Eugenio también presenció, junto a Raúl Acquaviva —compañero de la Juventud Guevarista detenido el mismo día que él—, uno de los tantos momentos en que Rosa Gómez fue abusada en su celda, con la puerta abierta. No la conocía entonces. Años más tarde, el hijo de Rosa fue abanderado de la Escuela Rawson donde la esposa de Eugenio era directora. Ese fue el nexo para su reencuentro. El testigo declaró que se sintió nuevamente humano cuando supo que la mujer había podido salir adelante pese a todo lo vivido.

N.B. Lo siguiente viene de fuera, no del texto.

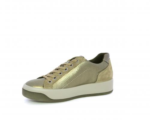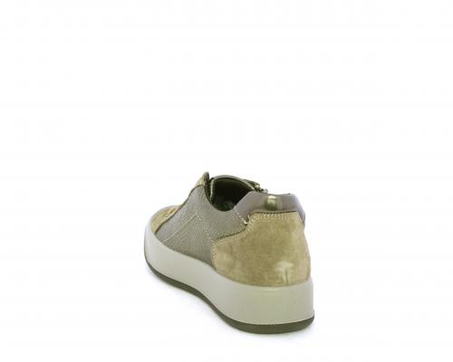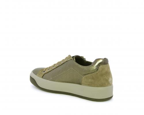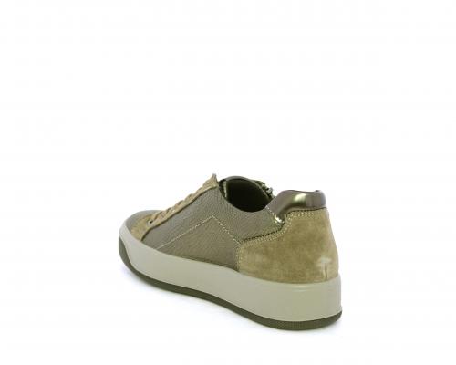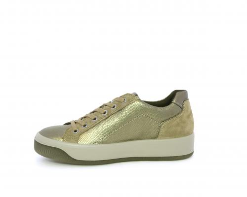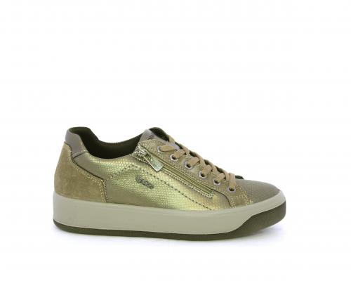 Sneakers con lacci e chiusura laterale per facilitare la calzata, platfoam in gomma, tomaia in pelle con inserto in camoscio nella parte posteriore, sottopiede in pelle, fodera interna in tessuto, fusbet anatomico estraibile.

Dentro de su grupo de militancia, recordó especialmente a Daniel Moyano, amigo de la infancia que pasó por el D2. No llegó a verlo, pero reconoció su voz. Es otro de los desaparecidos de este CCD. Un grupo de once víctimas, incluido el testigo, fue finalmente “legalizado” a principios de julio de 1976: Víctor Sabatini, Nélida Allegrini, Liliana Tognetti, Graciela Leda, Silvia Schvartzman, Carlos Roca, Raúl Acquaviva, Antonio Siro Vignoni, Jaime Pedraza y Nicolás Zárate. Todas ellas fueron trasladas a una dependencia militar, donde les hicieron elegir abogado sin retirarles la venda. Días más tarde les leyeron las condenas y las condujeron a la penitenciaría provincial. El testigo refirió que dejó de ser un secuestrado para convertirse en un rehén que conoció distintas cárceles nacionales.

Perversa creatividad

Sobre la responsabilidad de los imputados, el testigo fue contundente: “Yo estoy convencido de que estuvieron todos, participaron todos. Es imposible que hayan sido dos o tres. Cómo es posible que se hayan degradado humanamente (…) Es infame cuando no quieren reconocerlo. Es imposible que no nos vieran, no se dieran cuenta”, argumentó. También mencionó que expresaron “una cuota de perversa creatividad” para torturar y señaló que la premisa entre ellos era ver “quién la tenía más larga, quién se hacía más el macho” a la hora de producir dolor. Lamentó no haber podido verlos a todos más allá de Lucero, La Paz y Fernández. “Absolutamente todos estos tipos están manchados con sangre”, declaró, y se preguntó cómo serían en sus roles de padres, abuelos, esposos y amantes luego del “trabajo” en el D2.

El fiscal Dante Vega consultó al testigo acerca de las razones por las cuales él y gran parte de las víctimas fueron conducidas al D2. Paris respondió que desde allí se hacían los preparativos para las detenciones junto a las demás fuerzas represivas. Si algunas personas no pasaron por este CDD, posiblemente se deba al hecho de que estuviera lleno: “No tengo otra explicación”, agregó. No obstante, recordó que el edificio tenía muchos otros lugares donde pueden haber estado cautivas.